すみれとうぐいすの話
小川未明
小さなすみれは、山の蔭につつましやかに咲いていました。そして、いい香りを放っていました。
すみれは、そこでも、安心をしていることは、できなかったのです。なぜなら、そのすみれをたずねてくるものは、ひとり、美しいちょうや、かわいらしいみつばちばかりではなかったからです。
「ここにも、すみれが咲いていた。とって香りをかいでごらんなさい。いい香りがするから。」と、山に遊びにきた、子供たちはいったのです。
すみれは、自分ほど、不幸なものは、この世の中に、ないと思いました。小さな体で、しかも、ものの蔭に、つつましく咲いているのを、それすら安心ができなかったからです。
「ああ、わたしほど、不しあわせなものはない。」と、すみれは、ため息をしました。
そのとき、そばから、名もない草がいいました。
「すみれさん、あなたは、あんまり美しく生まれてこられたからです。そして、いい香りをもっていなさるからです。私のように、粗末に生まれてきたものは、ちょうや、はちなどというきれいなものに、振り向かれないかわり、まあ、無事といえばいえるのです。どちらがいいかわかったものでありません。そう、歎くにはおよびませんよ。」と、皮肉のようになぐさめるように、いったのでした。
これを聞くと、すみれは、寒い風に、小さな頭を振りながら、
「いいえ、わたしは、自分の不安な生活のことを考えると、もう、ちょうにも、みつばちにもきてもらわなくてもいいのです。どうか、あなたのように、安心した生活を送りたいものです。」と答えました。
しかし、名もない草は、もうあきらめているというふうで、
「そういったって、しかたのないことです。」といったきり、黙ってしまいました。
このとき、どこからか、一羽のうぐいすが飛んできて、そばの木の枝に止まりました。そして、いい声でさえずりました。
この声をきくと、すみれは、なんといういい声だろうと感心しました。
「なぜ、わたしは、鳥になって生まれてこなかったろう。そして、ああしたいい声で鳴くことができたら、どんなにうれしいであろう。」と思いました。
うぐいすは、しばらく枝に止まっていました。そのうち地面に降りてきました。うぐいすは、小さなすみれの花を見つけました。
「かわいらしい花だこと。」といって、すみれのすぐそばにやってきました。
「すみれさん、あなたは、しあわせものですね。
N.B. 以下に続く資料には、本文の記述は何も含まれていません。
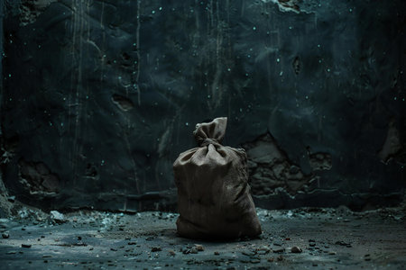 Closed burlap sack stands against a vintage wooden wall, evoking a sense of mystery

」と、うぐいすはいいました。
これを聞くと、すみれは、うぐいすが自分をからかうのだと思いました。そして、うぐいすをいい声だと感心したことなどは忘れてしまって、すみれは、腹をたてずにはいられませんでした。
「わたしほど、不しあわせなものが、世の中にありましょうか。」と、すみれは、かなしい、細い声でいいました。
すると、うぐいすは、頭をかしげながら、じっとすみれを見つめていました。
「すみれさん、それは、私のいうことです。私ほど不幸のものはないと思います。」と、うぐいすはいいました。
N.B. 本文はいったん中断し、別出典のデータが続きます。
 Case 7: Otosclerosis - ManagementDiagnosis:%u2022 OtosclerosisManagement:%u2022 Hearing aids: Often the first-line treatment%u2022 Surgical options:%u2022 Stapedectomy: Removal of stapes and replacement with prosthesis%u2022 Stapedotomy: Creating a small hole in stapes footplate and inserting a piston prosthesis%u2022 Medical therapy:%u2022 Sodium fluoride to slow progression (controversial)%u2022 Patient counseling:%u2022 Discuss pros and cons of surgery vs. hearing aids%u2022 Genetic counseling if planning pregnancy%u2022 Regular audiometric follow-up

こんどは、すみれが、それを聞いて、がっかりしたような顔つきをしました。
「あなたの声は、あんなにいいではありませんか。いま、わたしは、あなたのさえずりなさる声をきいて、うっとりとしました。あなたの声を聞くものは、ひとり、わたしばかりではありません。みんな感心します。あなたは、だれからもかわいがられます。なんで、あなたが不幸なことがありましょう。」と、すみれはいいました。
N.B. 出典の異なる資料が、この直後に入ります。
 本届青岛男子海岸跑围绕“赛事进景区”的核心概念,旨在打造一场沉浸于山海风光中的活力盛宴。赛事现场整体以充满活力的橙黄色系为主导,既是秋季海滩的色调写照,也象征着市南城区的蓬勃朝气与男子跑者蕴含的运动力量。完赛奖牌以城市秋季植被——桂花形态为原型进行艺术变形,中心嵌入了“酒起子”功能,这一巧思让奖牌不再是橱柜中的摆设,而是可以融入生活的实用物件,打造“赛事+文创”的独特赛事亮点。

うぐいすは、これをきいて、しばし黙っていましたが、やがて頭を上げて、
「すみれさん、あなたが、そうお思いなさるのは無理のないことです。しかし、私は、この声のために、どんなに苦しんでいるかしれません。からすや、わしや、たかなどは、みんな私を憎みます。私を憎むというよりは、私の声を憎むあまり、私の姿を見ると殺そうとしているのです。それがために、私は、安心して木の枝に止まって眠ることができません。昼間は、こうして、彼らに見えないように、やぶから、林を伝って鳴いていますが、夜は、どこかの木の枝に止まって眠らなければなりません。しかし、私の定まった宿というものはないのです。私は、あなたのように、地の上にしっかりとした、安らかな生活をなさる姿を見るとうらやましくてなりません。私ほど不幸なものがありましょうか。」と、うぐいすは、すみれに向かっていいました。